Data Point 4: Trust data-driven recommendations
Further downstream, analytics leaders are embracing automated driver discovery platforms to enable insights generation at scale, without sacrificing local market understanding. Previously, analysts and data scientists would search for correlations manually – a process that is slow, relies heavily on local market understanding and is difficult to refresh. By relying on a machine to surface potential drivers, AI solutions can be scaled quickly across geographies but still capture the individual dynamics of each local market.
Data Point 5: Action insights on the frontlines
Early adopters of AI analytics are already unlocking the benefits of operations-focused solutions. For example, a leading global snacks brand achieved a 1.5% uplift in convenience-store sales in a mature Latin American market, just by equipping its field team with store-level assortment recommendations. These insights require a dedicated data strategy that ensures the data stack continues to evolve over time as new sources of data emerge, enabling fast test-and-learn cycles.

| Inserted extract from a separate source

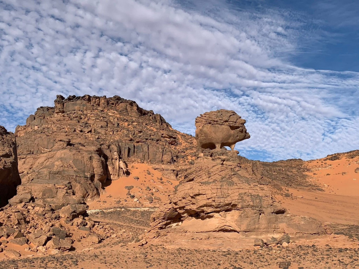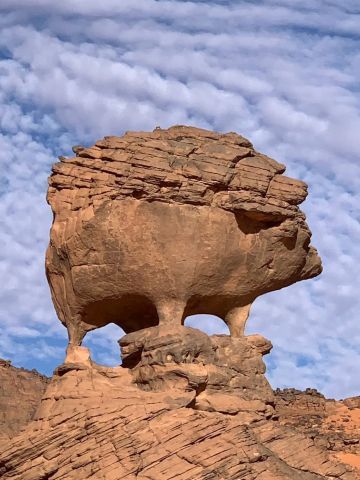 在阿爾及利亞的撒哈拉深處,風與時間雕刻了一頭沉思的野豬。它靜靜蹲伏在岩層之巔,守望著千年的風沙與旅人……

Data Point 6: Democratize analytics to spark your analytic transformation
Making an enterprise-wide difference with analytics requires SMEs, CoE and business stakeholders to share, understand and collaborate across the entire analytic process.
AI analytics unlocks effective bottom-up decision-making, while frontline teams are likely to find themselves entrusted with even greater decision-making authority and influence, and an increasing share of investment. Using technology with a no-code/low-code environment and built-in explainability empowers teams to introduce rich, adaptive insights and ML models to business processes company-wide.